TASK ITEM
The material beneath this line should be printed exactly, with its pictures omitted.

DATASET EXCERPT
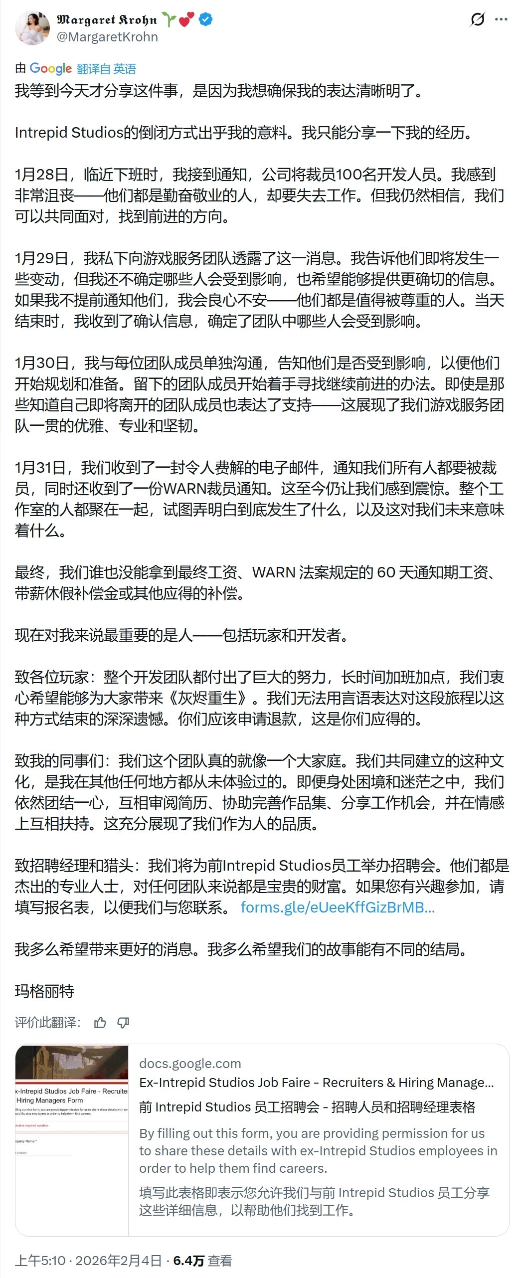 危机的序幕由Intrepid Studios多位员工在LinkedIn发布求职信息拉开。前通讯总监玛格丽特·克罗恩证实:“所有人都被解雇了,情况令人痛心。”紧接着,公司创始人、《创世灰烬》创意总监史蒂文·谢里夫在游戏社区发表声明,透露公司控制权已脱离其掌控,董事会推行了他“在道德层面无法认同或执行”的举措,故而他以辞职表达抗议。他的离职引发核心领导团队集体离开,董事会随后决定依照《WARN法案》实施大规模裁员。
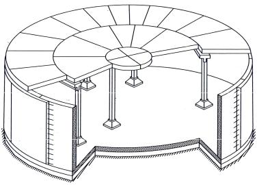 Чаще всего для цилиндрических резервуаров используются безбалочные перекрытия (рис. 3). Они могут быть монолитными или сборными. Безбалочные перекрытия имеют малую конструктивную высоту и гладкую поверхность, которая обеспечивает хорошую вентиляцию пространства над уровнем содержащейся воды.
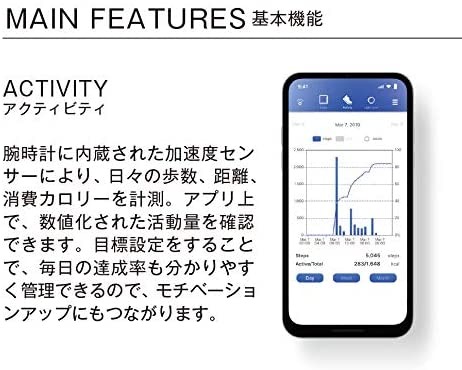 1日の歩数や消費カロリーの確認などスマートウォッチとして基本的な使用方法の他、バンド部分に搭載されたFeliCaで電子マネーも使用可能です。
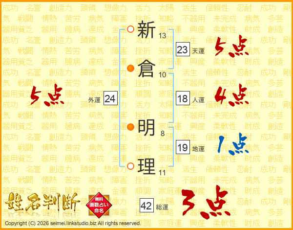 あなたの人生を表す1番重要な運勢です。生涯を通じて影響する総合運となり、主に50歳以降の晩年期に影響を及ぼします。苗字と名前の合計画数。

RESPONSE TO THE EXERCISE
 危机的序幕由Intrepid Studios多位员工在LinkedIn发布求职信息拉开。前通讯总监玛格丽特·克罗恩证实:“所有人都被解雇了,情况令人痛心。”紧接着,公司创始人、《创世灰烬》创意总监史蒂文·谢里夫在游戏社区发表声明,透露公司控制权已脱离其掌控,董事会推行了他“在道德层面无法认同或执行”的举措,故而他以辞职表达抗议。他的离职引发核心领导团队集体离开,董事会随后决定依照《WARN法案》实施大规模裁员。
 Чаще всего для цилиндрических резервуаров используются безбалочные перекрытия (рис. 3). Они могут быть монолитными или сборными. Безбалочные перекрытия имеют малую конструктивную высоту и гладкую поверхность, которая обеспечивает хорошую вентиляцию пространства над уровнем содержащейся воды.
 1日の歩数や消費カロリーの確認などスマートウォッチとして基本的な使用方法の他、バンド部分に搭載されたFeliCaで電子マネーも使用可能です。
 あなたの人生を表す1番重要な運勢です。生涯を通じて影響する総合運となり、主に50歳以降の晩年期に影響を及ぼします。苗字と名前の合計画数。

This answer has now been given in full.